There are two ways of implementing an API:

  1) forcing common ground: that is creating a sufficiently abstracted 
way to look at the problem

  2) leaving context-specific hooks: the component connects to the 
context-specific hooks.

Java has a known history of using patter #1, but recently this has been 
challenged very seriuosly (see Eclipse SWT vs. Swing) and with some 
*great* achievements.

This said, do we really want to abstract our Environment objects so that 
they are capable of handling all web, CLI and mail environments? Isn't 
this FS?

I'm not stating, just asking.

> [...]
> 
>>> In a servlet, input would be
>>> taken from the input stream of the request object.

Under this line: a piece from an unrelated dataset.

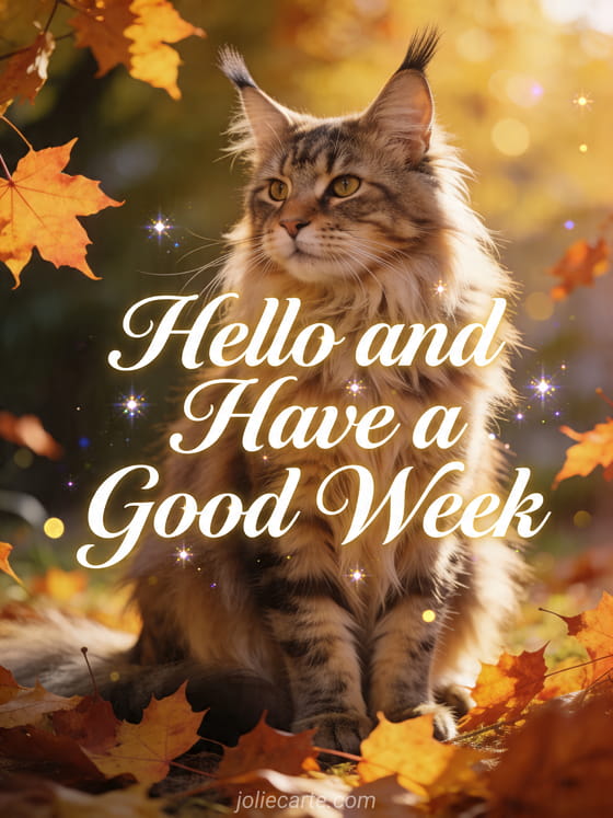 Wish someone a peaceful week with this elegant card showing a majestic Maine Coon cat sitting among autumn maple leaves in golden afternoon light. You can also discover animated good week gif gif, peaceful week or hello good week kisses image.

We could also have
>>> a writable cocoon: protocol where the input stream would be set by the
>>> user of the protocol, more about that later, (see also my post in the
>>> thread [1]).
>>>
>>> An example:
>>>
>>> <match pattern="**.xls"/>
>>>   <generate type="xls"/>
>>>   <transform type="xsl" src="foo.xsl"/>
>>>   <serialize type="xml" dest="context://repository/{1}.xml"/>
>>> </match>
>>
>>
>>
>> I see two things here:
>>
>> 1) the current pipeline components don't seem to be asymmetric (and 
>> this goes somewhat against what you wrote at the beginning of your 
>> email), the asymmetry is in the fact that the serializer output is 
>> *always* bound to the client response. Am I right on this assumption?
> 
> 
> The fact is that the request is (down-to-earth) a URI, and a response is 
> a stream. This is not symmetry.

??? what about those PUT WebDAV requests that might have a 10Mb payload 
and return a simple two line http response with an error code?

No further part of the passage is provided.